ECSやでInf1インスタンスを使っている人。
Inferentiaチップのメトリクスを監視したい人。

背景

Neuron Coreの使用率などをCloud Watchのカスタムメトリクスとして取得できることは以前の記事で確認しました。

https://zenn.dev/optfit_tech/articles/b36d20eaf2b015

今度はECSでInf1インスタンスを運用出来るように、サイドカーパターンを用いて、これらのメトリクスをCloud Watchに送ることにしました。

サイドカーパターンとは、コンテナデザインパターンの一つで、ざっくりいうとメインのコンテナと、それを補助するコンテナで構成するパターンのことです[1]

実行環境

マシンタイプ AMI
inf1.xlarge ECSに最適化されたInf1インスタンス用AMI(amzn2-ami-ecs-inf-hvm-2.0.20221213-x86_64-ebs)

方針

Supervisorを用いてプロセスが落ちても再起動するようにします。

カスタムメトリクスをCloud Watchに送信するコマンドをコンテナで動かしてみたら、30時間くらいで終了してしまったためです。

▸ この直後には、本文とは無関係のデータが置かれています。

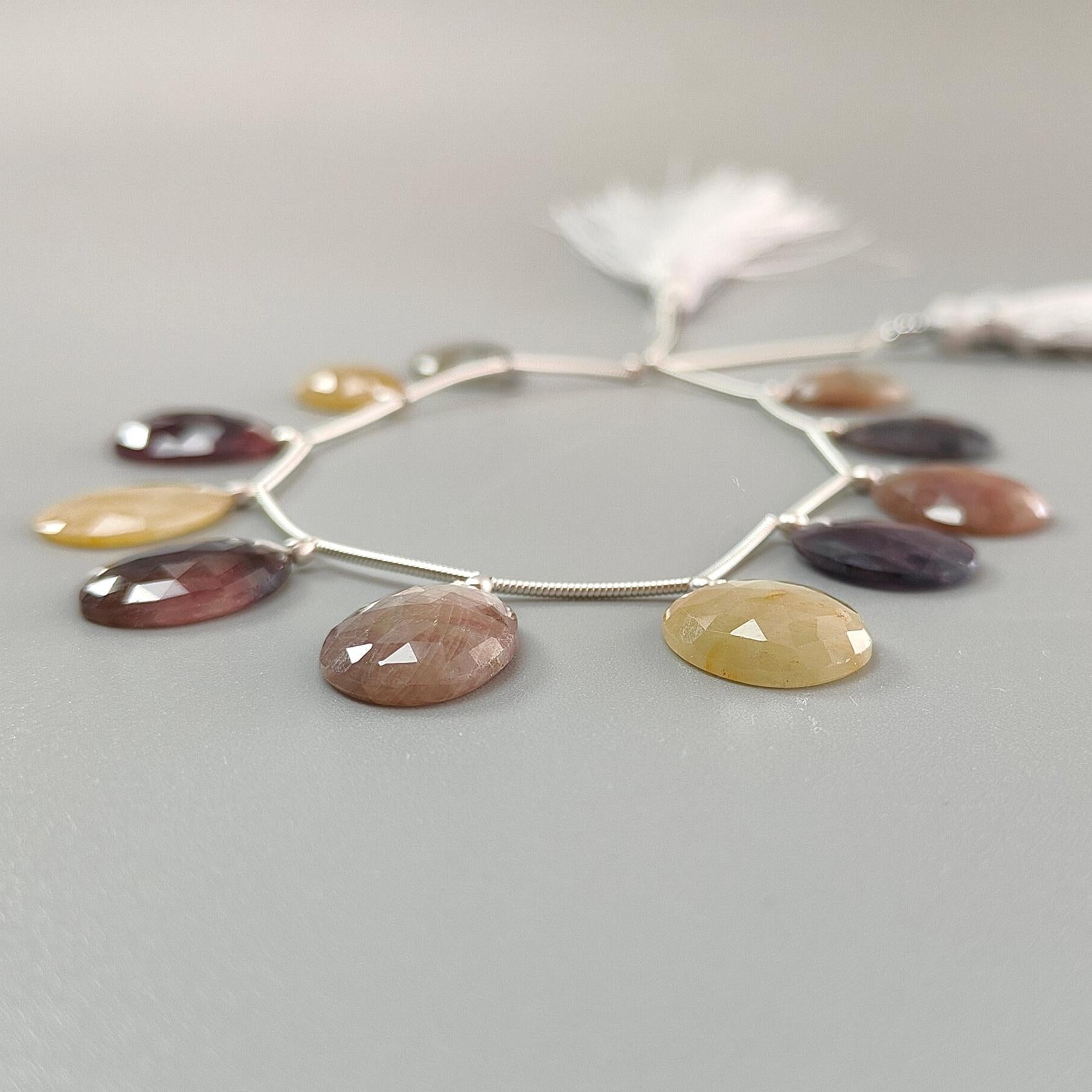 Multi Sapphire Faceted Loose Beads: 85.00cts Natural Untreated Sapphire Rose Cut Egg Shape 925 Silver Loose Beads 15*12mm - 18*13mm
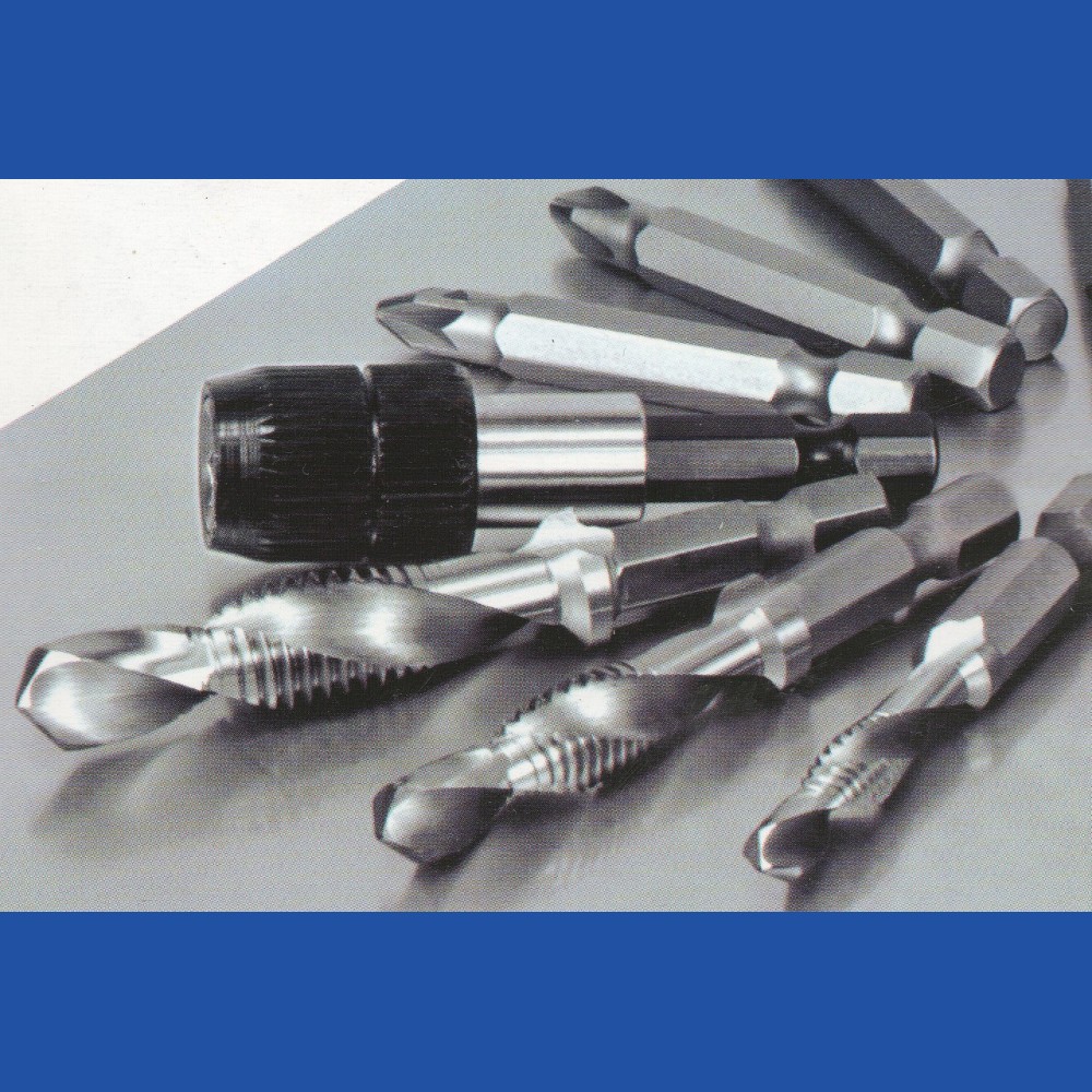 6 Kombi-Gewindebohrer-Bits lang HSS M3x0,5, M4x0,7, M5x0,8, M6x1, M8x1,25 und M10x1,5 mm 5 Bits lang, S4, S5, PH1,...

ECSタスクの全体を再起動させたくなかったので、プロセスだけを再起動することにしました。

実装


KAZYColorfulSaurus

neuron-monitorを動かすスクリプト

ディメンションにインスタンスIDとインスタンスタイプを入れています。
ディメンションを増やすとカスタムメトリクス数が増えるので料金には注意[2]してください。

メトリクスを送信するスクリプトは、後述するaws-neuron-toolsをインストールすると/opt/aws/neuron/bin/neuron-monitor-cloudwatch.pyに配置されるのでそちらを利用しています。

neuron-monitor.sh
neuron-monitor.sh
#!/bin/bash
neuron-monitor | /opt/aws/neuron/bin/neuron-monitor-cloudwatch.py  --common-dims instance_id,instance_type --region ap-northeast-1

Supervisor

コンテナが終了してしまわないようにデーモン化をoffにする設定を入れています。

supervisord.conf
supervisord.conf
[supervisord]
nodaemon=true

[program:neuron-monitor]
command=/neuron-monitor.sh

Dockerfile

Inferentiaチップに関するメトリクスを取得できるneuron-monitorコマンドと、Cloud Watchにカスタムメトリクスを送信するスクリプトはaws-neuron-toolsパッケージに含まれています。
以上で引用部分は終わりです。